Finally completed Day 3. ??

C8

I have seen people getting scared because of long and big articles, hence I have decided to write multiple small articles for each day instead of writing one big article. In each article, we will cover 1 or 2 or max 3 labs.

In this lab, we will explore Angular Services.

Note: Before you proceed, make sure that your TypeScript compiler is executing in watch mode, and your web server is running. If you forgot how to do it, go with day 2 again.

Complete Series

  1. Day 1 – Part 1
  2. Day 1 – Part 2
  3. Day 2
  4. Day 3
  5. Day 4 – Part 1
  6. Day 4 – Part 2
  7. Day 4 – Part 3
  8. Day 5 (Coming soon)
  9. Day 6 (Coming soon)
  10. Day 7 (Coming soon)
  11. Day 8 (Coming soon)
  12. Day 9 (Coming soon)
  13. Day 10 (Coming soon)

 

Introduction to Angular Services

In Angular, Services represents the injectable application logic.

  • Technically, it will be a simple class encapsulating some king of logic. It can be any logic. It can be “a logic to make server call, a logic to create text file, logic to log messages”.
  • Injectable means – instances of those classes will not be created manually. Rather at run time, it will be created by Angular framework and make it available to other Application. This is called “Dependency Injection”.

Dependency injection or DI is not an Angular concept. It’s a design pattern. It says “Application will not create the Dependency instance. Instead, dependency instance will be injected into the application from outside by some Framework”. DI makes our application more loosely coupled and hence easy to test and extend in future. (After practical demonstration, it will be much clearer.)

All major technologies have support for implementing DI nowadays. These Technologies and frameworks have something called an “injector”. Injector at run time creates instance of dependency and make it available to the application.

Good news is, Angular has inbuilt support for Dependency injection which we will see in action very soon. Angular will create an application-wide “Angular injector” during the bootstrap process. Once the Angular Service is created, it will be registered with Angular injector. Angular injector creates the instance of this service and make it available to other parts.

Next two will make this concept very much clear.

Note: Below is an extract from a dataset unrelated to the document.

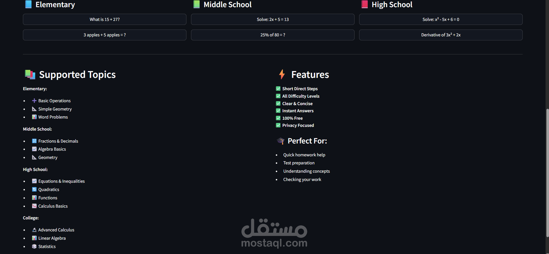 An intelligent web application that helps students solve math problems across all difficulty levels (Elementary to College) using Google's Gemini AI. The app provides step-by-step solutions with clear explanations, making it an ideal homework helper and learning companion.
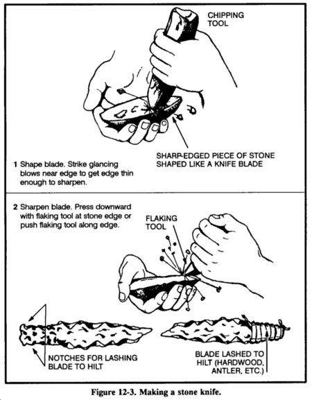 To make a stone knife, you will need a sharp-edged piece of stone, a chipping tool, and a flaking tool. A chipping tool is a light, blunt-edged tool used to break off small pieces of stone. A flaking tool is a pointed tool used to break off thin, flattened pieces of stone. You can make a chipping tool from wood, bone, or metal, and a flaking tool from bone, antler tines, or soft iron (Figure 12-3).

Lab 11 – Decouple Application Logic from Component

In our project right now component specific logic and application logic both are written inside the same class that is “AppComponent” class.

As a best practice, we should take application specific logic out of the AppComponent class and should be put in some independent class. Instance of that class will be injected into “AppComponent” by Angular framework at runtime. In short, we have to implement DI in our Application.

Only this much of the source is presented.